Data to examine:

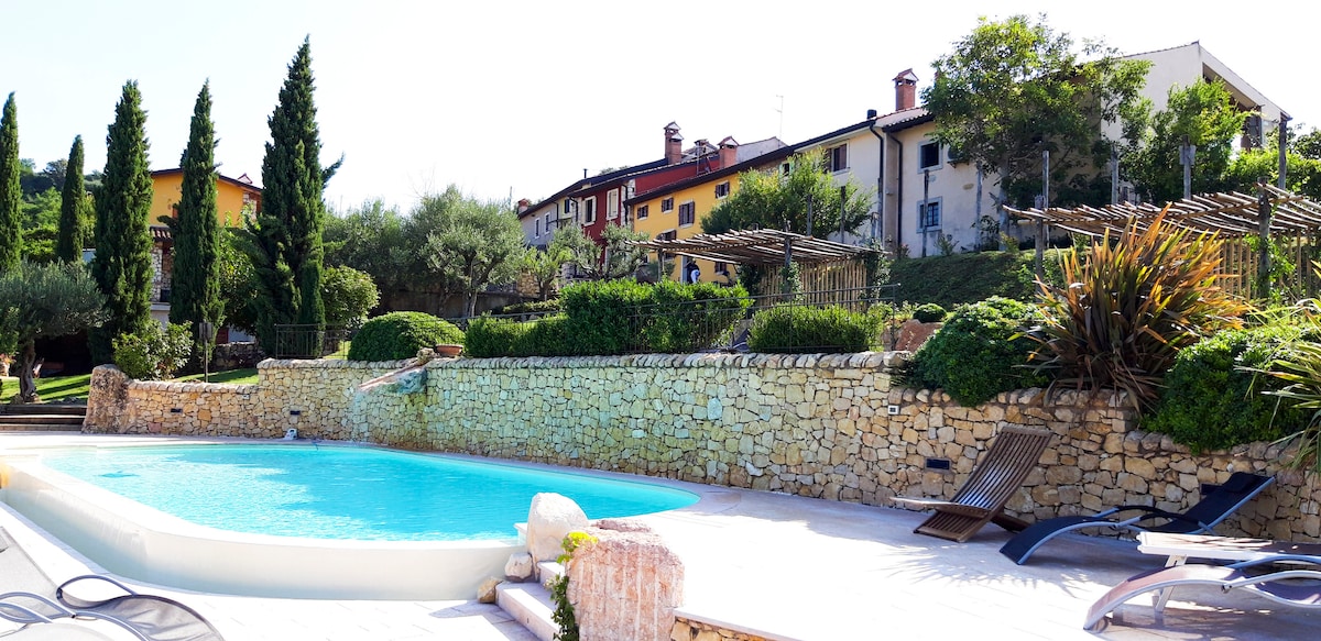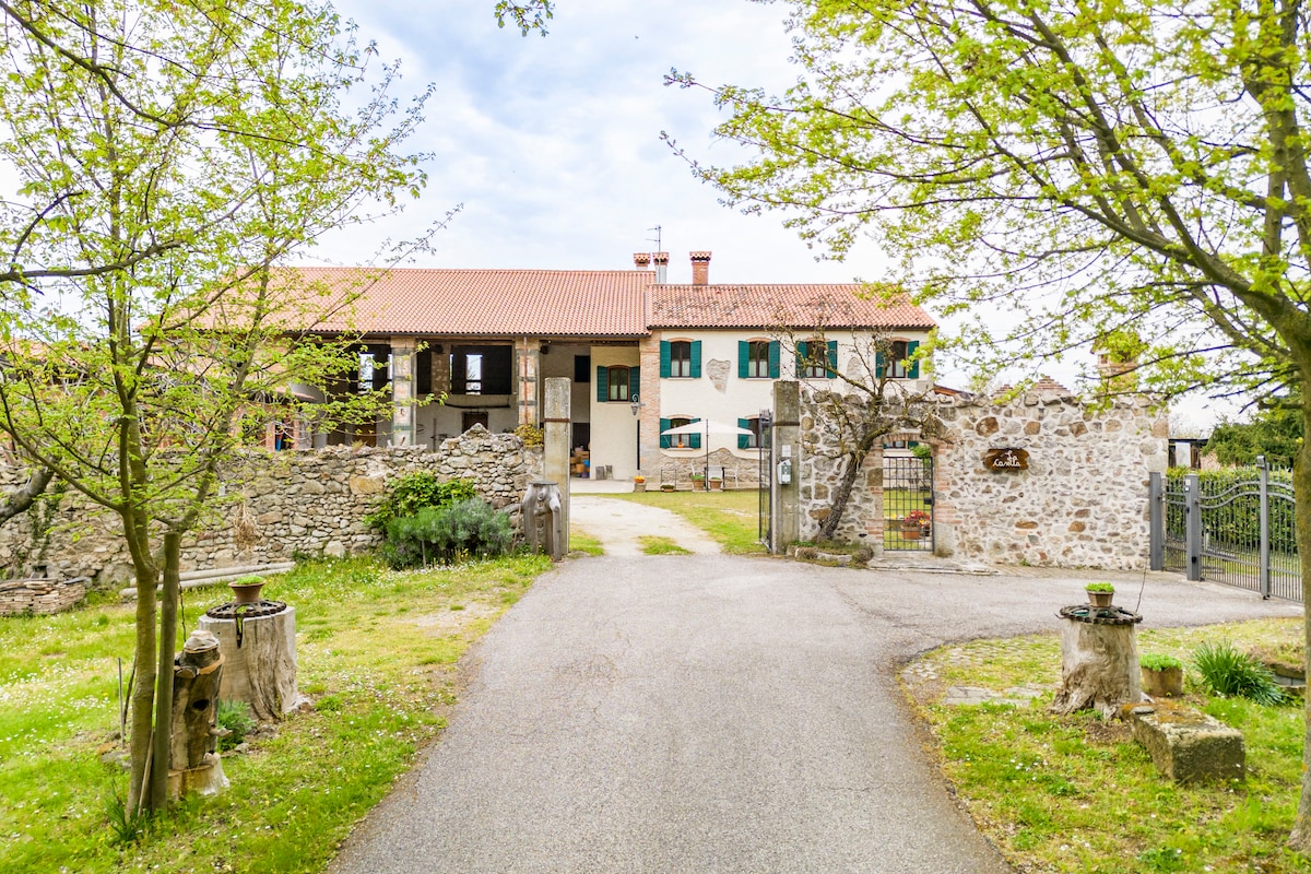 Discover our charming retreat in a 15th-century historic house: a beautifully renovated 23 sqm double room with private bathroom and modern comforts. With only two rooms, total privacy and tranquility are guaranteed for an intimate and rejuvenating stay amidst expansive green spaces. Relax by the pool and in the elegant lounge, and book sensory tastings of our organic wines. Just a short distance from Verona, Vicenza, Venice, Lake Garda, and historic villages.
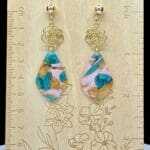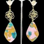 From the Cotton Candy Turquoise Collection these playful terrazzo-style drops with rose filigree accents, blending turquoise, blue green, soft pink with golden accents for a confident yet lightweight statement. Watch them being made here: https://www.facebook.com/share/v/14LottLAcvv/
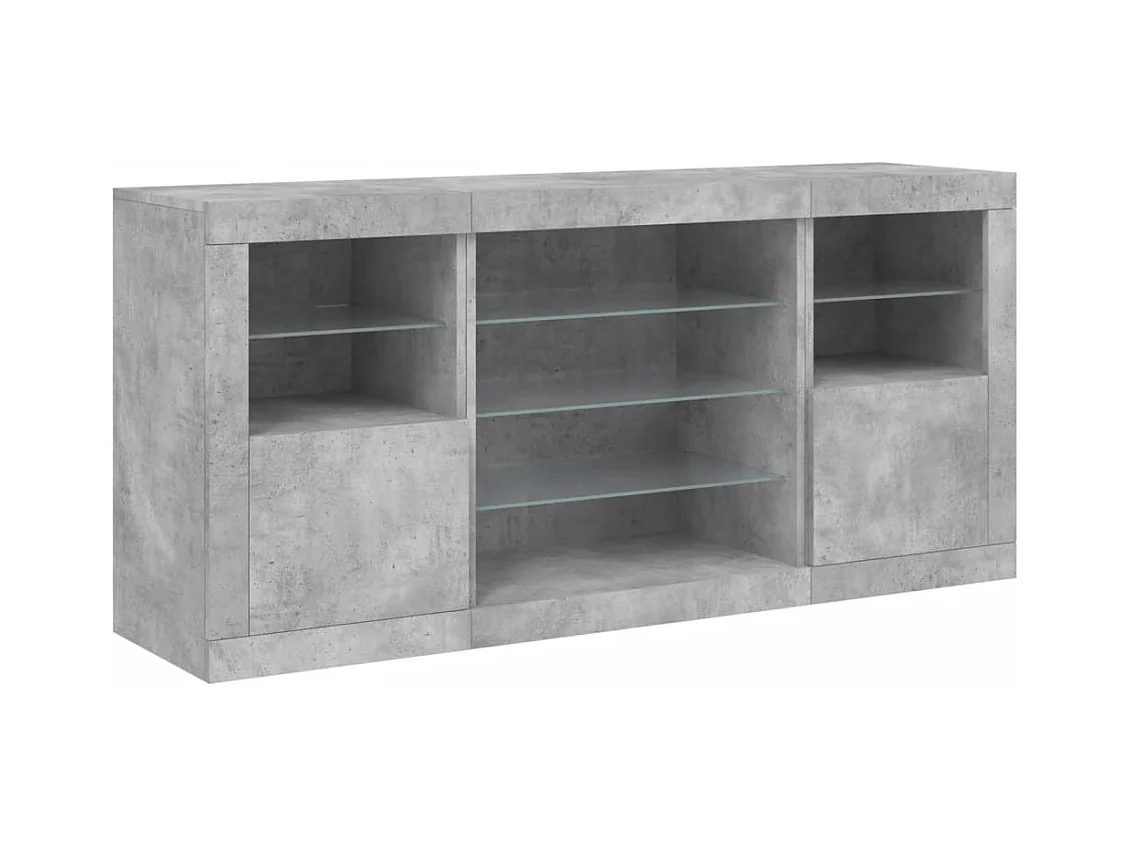 Aparador buffet cómoda armario mueble organizador cocina salón salón con luces LED 142,5 x 37 x 67 cm gris 02_0029977
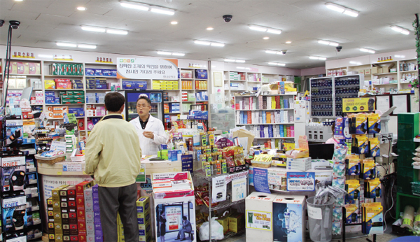 약국 인근에 신경외과와 통증외과, 옆 건물에 또다른 약국이 같이 있는 내과가 있다. 시장이 인접한 입지를 반영하듯 일반의약품 매출 역시 적지 많다. 특히 장이 서는 장날(3일·8일)에는 과부하가 걸릴 정도로 손님이 많은 편이다.
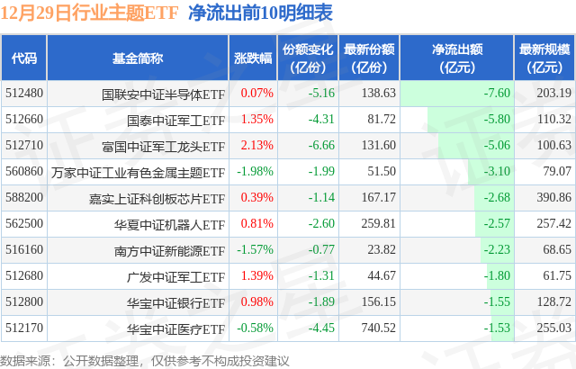 当日有164只行业主题ETF基金出现资金净流出,其中净流出排首位的是国联安中证半导体ETF(512480),份额减少了5.16亿份,净流出额为7.6亿元。
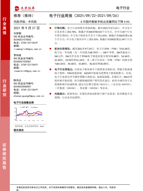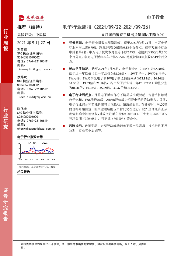 【东莞证券】【20210927】电子行业周报:8月国内智能手机出货量同比下降9.9%-14页
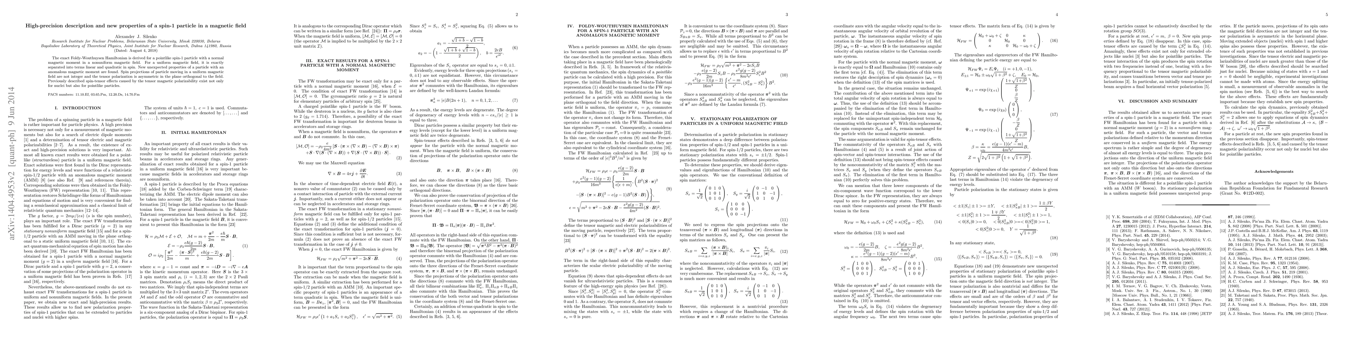 This paper derives the exact Foldy-Wouthuysen Hamiltonian for a spin-1 particle in a magnetic field, revealing new properties such as non-integer spin projections and asymmetric tensor polarization for particles with anomalous magnetic moments, extending previously known spin-tensor effects beyond nuclei.
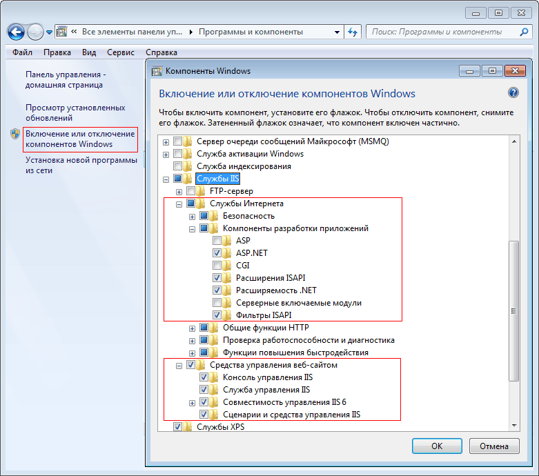 3. Нажмите на ссылку «Включение или отключение компонентов Windows» в левой части окна. Будет открыто окно «Компоненты Windows». Установите флажки в разделе «Службы IIS», как показано на рисунке ниже:
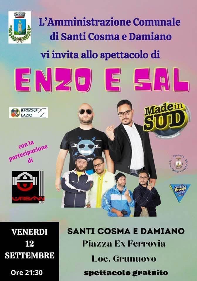 Santi Cosma e Damiano: la comicità non si ferma! Enzo e Sal in scena venerdì 12 settembre a Grunuovo – Santi Cosma e Damiano: la comicità non si ferma! Enzo e Sal in scena venerdì 12 settembre a Grunuovo – Dopo il successo della rassegna teatrale conclusasi il 6 settembre, la comicità continua a essere protagonista assoluta nel Comune di Santi Cosma e Damiano. L’appuntamento imperdibile è per venerdì 12 settembre alle ore 21:31 in Piazza Ex Ferrovia, località Grunuovo, dove saliranno sul palco due grandi nomi della risata: Enzo e Sal, direttamente dal fortunato format televisivo Made in Sud.
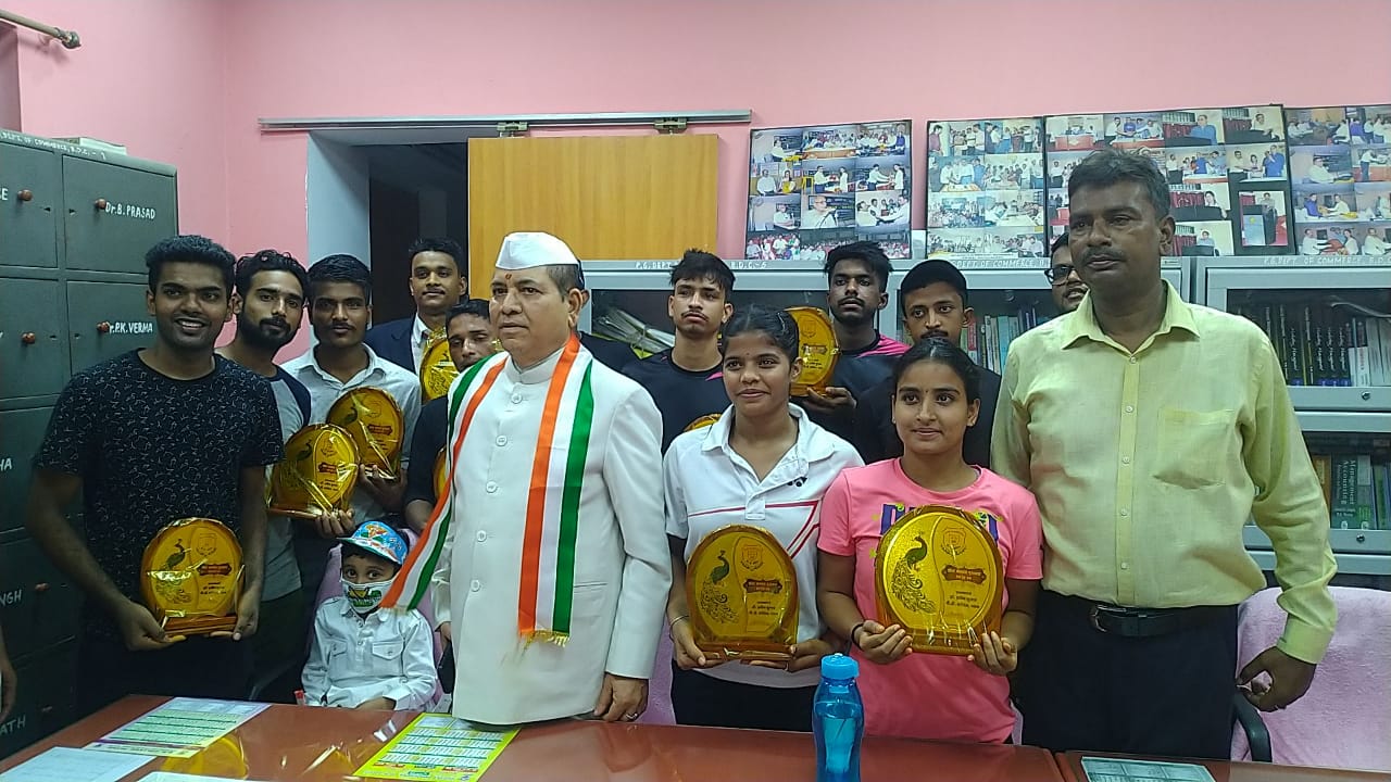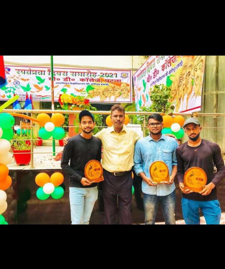 पटना:- स्वतंत्रता दिवस के अवसर पर बी डी कॉलेज पटना के प्राचार्य डॉ.प्रवीण कुमार ने झंडोत्तोलन के बाद सत्र 2019-20 के अनेक खिलाड़ियों को पुरस्कृत किया गया। आप को बता दें कि कोरोना काल के कारण सत्र 2019-20 का पुरस्कार 2021 में दिया जा रहा है।

Prompt: Your answer must be an exact copy of every entry, with no pictures in it.

Finished task:
 Discover our charming retreat in a 15th-century historic house: a beautifully renovated 23 sqm double room with private bathroom and modern comforts. With only two rooms, total privacy and tranquility are guaranteed for an intimate and rejuvenating stay amidst expansive green spaces. Relax by the pool and in the elegant lounge, and book sensory tastings of our organic wines. Just a short distance from Verona, Vicenza, Venice, Lake Garda, and historic villages.
 From the Cotton Candy Turquoise Collection these playful terrazzo-style drops with rose filigree accents, blending turquoise, blue green, soft pink with golden accents for a confident yet lightweight statement. Watch them being made here: https://www.facebook.com/share/v/14LottLAcvv/
 Aparador buffet cómoda armario mueble organizador cocina salón salón con luces LED 142,5 x 37 x 67 cm gris 02_0029977
 약국 인근에 신경외과와 통증외과, 옆 건물에 또다른 약국이 같이 있는 내과가 있다. 시장이 인접한 입지를 반영하듯 일반의약품 매출 역시 적지 많다. 특히 장이 서는 장날(3일·8일)에는 과부하가 걸릴 정도로 손님이 많은 편이다.
 当日有164只行业主题ETF基金出现资金净流出,其中净流出排首位的是国联安中证半导体ETF(512480),份额减少了5.16亿份,净流出额为7.6亿元。
 【东莞证券】【20210927】电子行业周报:8月国内智能手机出货量同比下降9.9%-14页
 This paper derives the exact Foldy-Wouthuysen Hamiltonian for a spin-1 particle in a magnetic field, revealing new properties such as non-integer spin projections and asymmetric tensor polarization for particles with anomalous magnetic moments, extending previously known spin-tensor effects beyond nuclei.
 3. Нажмите на ссылку «Включение или отключение компонентов Windows» в левой части окна. Будет открыто окно «Компоненты Windows». Установите флажки в разделе «Службы IIS», как показано на рисунке ниже:
 Santi Cosma e Damiano: la comicità non si ferma! Enzo e Sal in scena venerdì 12 settembre a Grunuovo – Santi Cosma e Damiano: la comicità non si ferma! Enzo e Sal in scena venerdì 12 settembre a Grunuovo – Dopo il successo della rassegna teatrale conclusasi il 6 settembre, la comicità continua a essere protagonista assoluta nel Comune di Santi Cosma e Damiano. L’appuntamento imperdibile è per venerdì 12 settembre alle ore 21:31 in Piazza Ex Ferrovia, località Grunuovo, dove saliranno sul palco due grandi nomi della risata: Enzo e Sal, direttamente dal fortunato format televisivo Made in Sud.
 पटना:- स्वतंत्रता दिवस के अवसर पर बी डी कॉलेज पटना के प्राचार्य डॉ.प्रवीण कुमार ने झंडोत्तोलन के बाद सत्र 2019-20 के अनेक खिलाड़ियों को पुरस्कृत किया गया। आप को बता दें कि कोरोना काल के कारण सत्र 2019-20 का पुरस्कार 2021 में दिया जा रहा है।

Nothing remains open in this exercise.